#### INPUT DATA
------------------------------

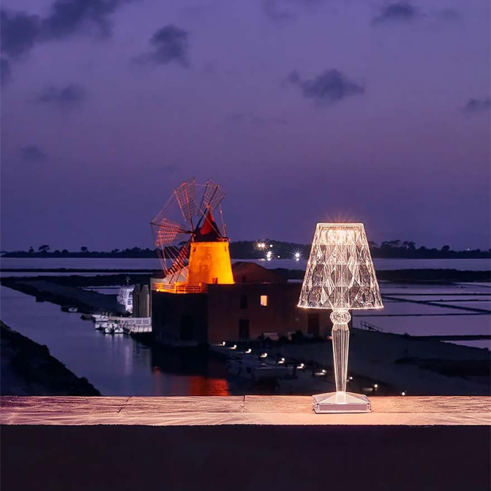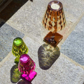 Battery is a compact table lamp innovatively characterised by the fact that it is 100% rechargeable thanks to a simple electric plug, with up to eight hours of battery life. This makes it easy to move, ideal for temporary contract set-ups, for use in cafes or in open air restaurants.
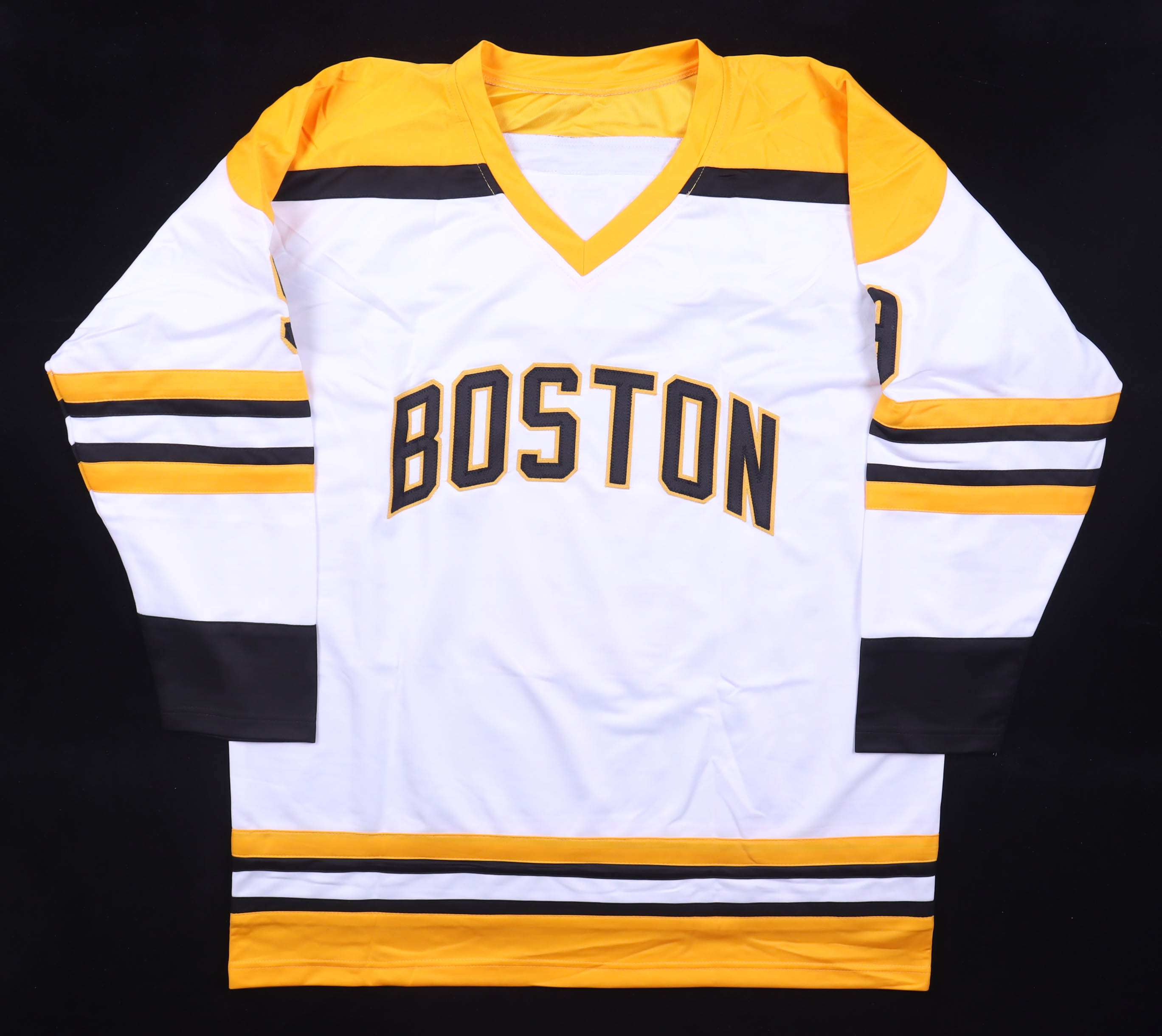Custom jersey. Everything is sewn on, size XL, and has been hand-signed and inscribed by Johnny Bucyk (HOF).
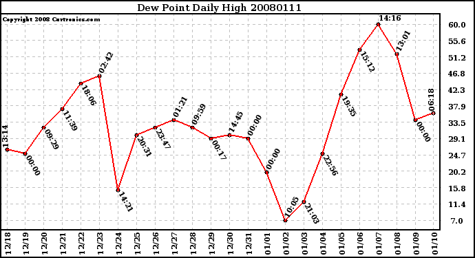 Milwaukee Weather -- 20080111 Dew Point Daily High -- From curtronics.com by Curt Blank
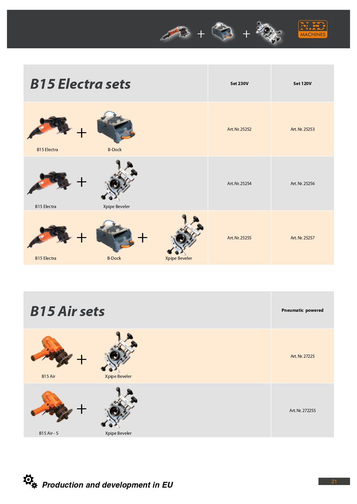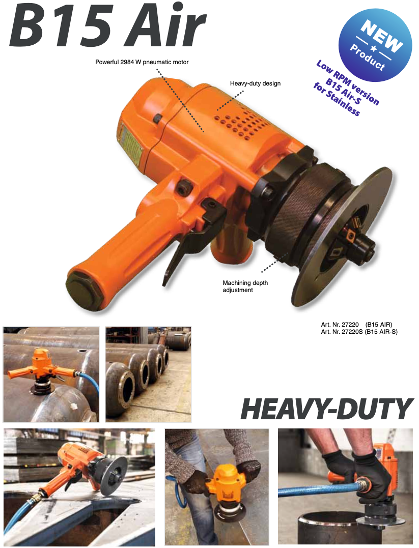 | SET faasiservade freesimise ja ebatasanduste eemaldamise süsteem B15 AIR-S – madala pööretega versioon roostevabale terasele + Xpipe faasiservade frees (ilma freespeata) | 27225S |

------------------------------

#### WORK REQUEST
In the listing above, transcribe exactly the lines from the line containing "Milwaukee Weather -- 20080111" through the last one, both included, but not the pictures.

#### ANSWER SECTION
 Milwaukee Weather -- 20080111 Dew Point Daily High -- From curtronics.com by Curt Blank
 | SET faasiservade freesimise ja ebatasanduste eemaldamise süsteem B15 AIR-S – madala pööretega versioon roostevabale terasele + Xpipe faasiservade frees (ilma freespeata) | 27225S |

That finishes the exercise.